***** AVAILABLE RECORDS

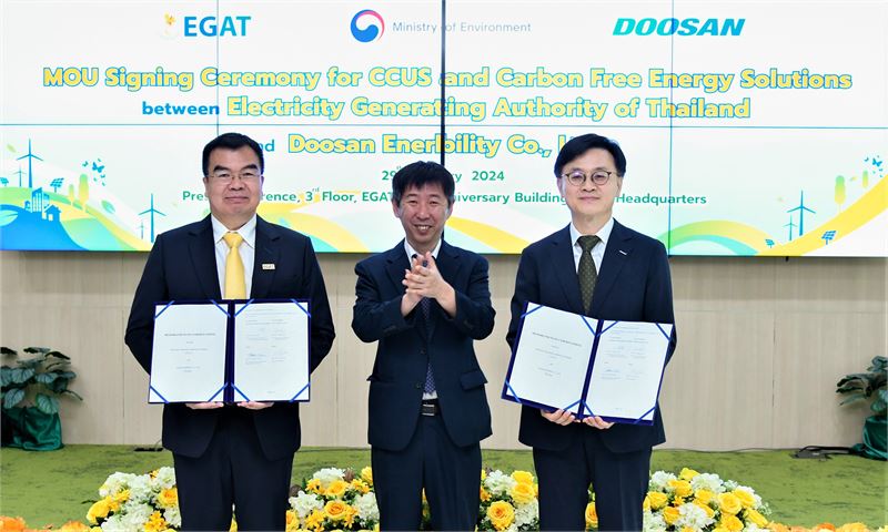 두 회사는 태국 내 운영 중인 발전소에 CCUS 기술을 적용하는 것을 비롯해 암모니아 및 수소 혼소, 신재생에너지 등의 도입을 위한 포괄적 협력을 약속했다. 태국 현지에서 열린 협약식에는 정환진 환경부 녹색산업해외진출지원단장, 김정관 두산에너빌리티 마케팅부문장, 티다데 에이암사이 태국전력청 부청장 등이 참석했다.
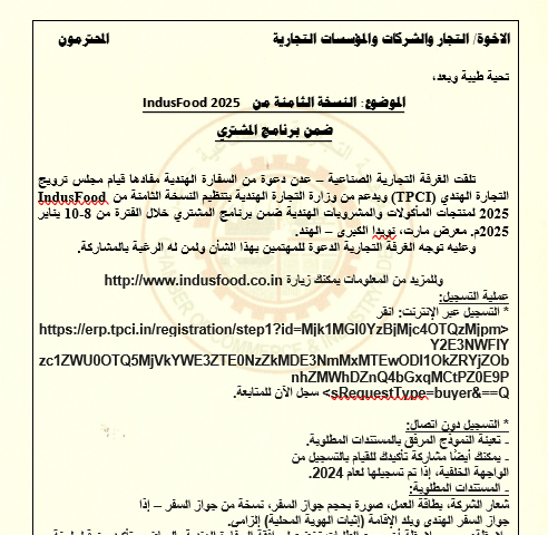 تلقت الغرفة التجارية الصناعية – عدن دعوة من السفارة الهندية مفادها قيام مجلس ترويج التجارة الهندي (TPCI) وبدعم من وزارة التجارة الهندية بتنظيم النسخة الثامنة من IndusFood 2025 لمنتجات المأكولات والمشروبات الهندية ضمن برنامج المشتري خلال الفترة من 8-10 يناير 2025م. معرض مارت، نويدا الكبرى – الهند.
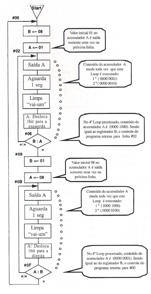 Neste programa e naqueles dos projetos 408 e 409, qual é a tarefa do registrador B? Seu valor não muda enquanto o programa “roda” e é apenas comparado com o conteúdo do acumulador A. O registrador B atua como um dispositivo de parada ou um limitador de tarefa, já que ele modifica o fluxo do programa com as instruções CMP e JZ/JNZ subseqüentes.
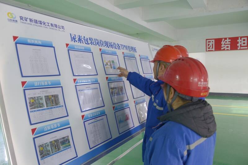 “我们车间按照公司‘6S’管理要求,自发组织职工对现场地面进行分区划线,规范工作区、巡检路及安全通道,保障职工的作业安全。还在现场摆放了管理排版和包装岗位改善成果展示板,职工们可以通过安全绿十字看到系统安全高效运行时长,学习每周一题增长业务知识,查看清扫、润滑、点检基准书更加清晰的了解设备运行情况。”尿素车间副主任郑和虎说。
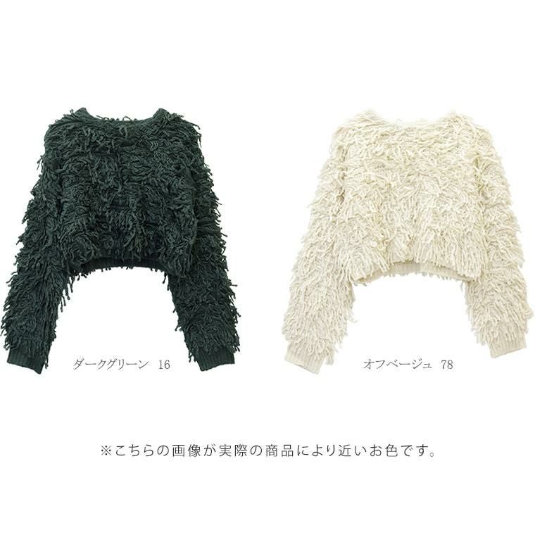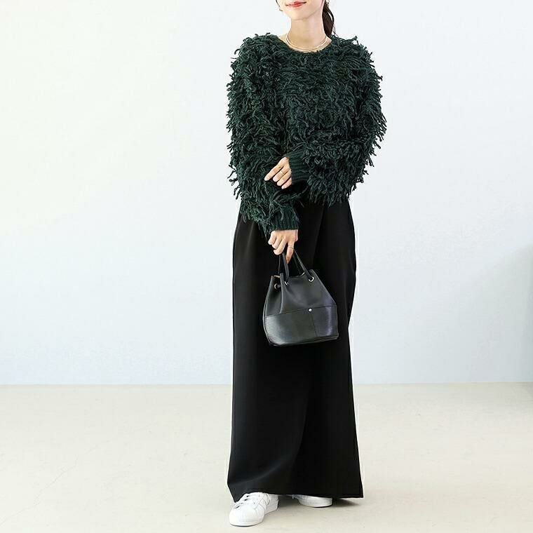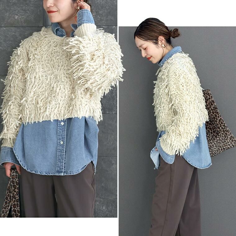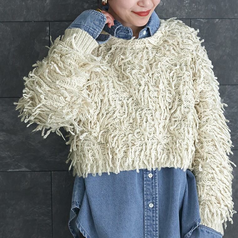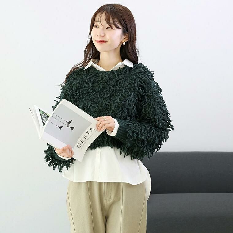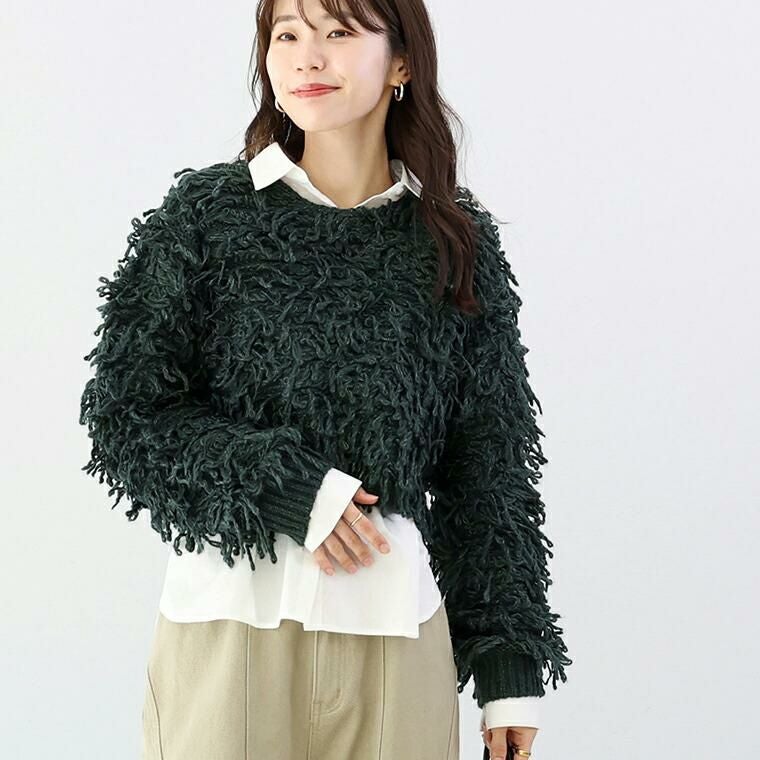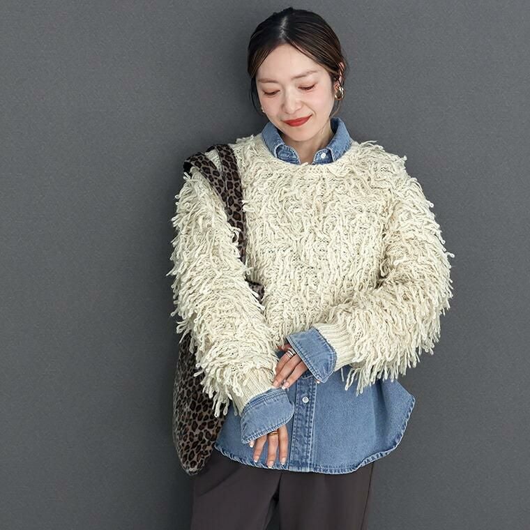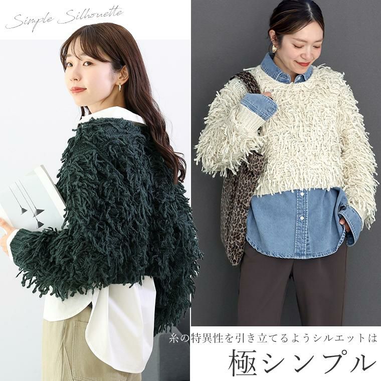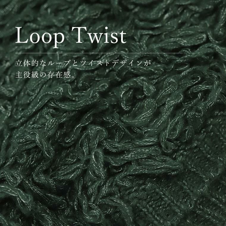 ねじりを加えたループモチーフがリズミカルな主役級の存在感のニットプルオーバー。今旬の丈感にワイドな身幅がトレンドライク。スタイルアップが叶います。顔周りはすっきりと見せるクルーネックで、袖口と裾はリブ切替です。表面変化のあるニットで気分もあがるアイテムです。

**********

I'd like the data above duplicated exactly, with no pictures included.

> _FINAL ANSWER_
 두 회사는 태국 내 운영 중인 발전소에 CCUS 기술을 적용하는 것을 비롯해 암모니아 및 수소 혼소, 신재생에너지 등의 도입을 위한 포괄적 협력을 약속했다. 태국 현지에서 열린 협약식에는 정환진 환경부 녹색산업해외진출지원단장, 김정관 두산에너빌리티 마케팅부문장, 티다데 에이암사이 태국전력청 부청장 등이 참석했다.
 تلقت الغرفة التجارية الصناعية – عدن دعوة من السفارة الهندية مفادها قيام مجلس ترويج التجارة الهندي (TPCI) وبدعم من وزارة التجارة الهندية بتنظيم النسخة الثامنة من IndusFood 2025 لمنتجات المأكولات والمشروبات الهندية ضمن برنامج المشتري خلال الفترة من 8-10 يناير 2025م. معرض مارت، نويدا الكبرى – الهند.
 Neste programa e naqueles dos projetos 408 e 409, qual é a tarefa do registrador B? Seu valor não muda enquanto o programa “roda” e é apenas comparado com o conteúdo do acumulador A. O registrador B atua como um dispositivo de parada ou um limitador de tarefa, já que ele modifica o fluxo do programa com as instruções CMP e JZ/JNZ subseqüentes.
 “我们车间按照公司‘6S’管理要求,自发组织职工对现场地面进行分区划线,规范工作区、巡检路及安全通道,保障职工的作业安全。还在现场摆放了管理排版和包装岗位改善成果展示板,职工们可以通过安全绿十字看到系统安全高效运行时长,学习每周一题增长业务知识,查看清扫、润滑、点检基准书更加清晰的了解设备运行情况。”尿素车间副主任郑和虎说。
 ねじりを加えたループモチーフがリズミカルな主役級の存在感のニットプルオーバー。今旬の丈感にワイドな身幅がトレンドライク。スタイルアップが叶います。顔周りはすっきりと見せるクルーネックで、袖口と裾はリブ切替です。表面変化のあるニットで気分もあがるアイテムです。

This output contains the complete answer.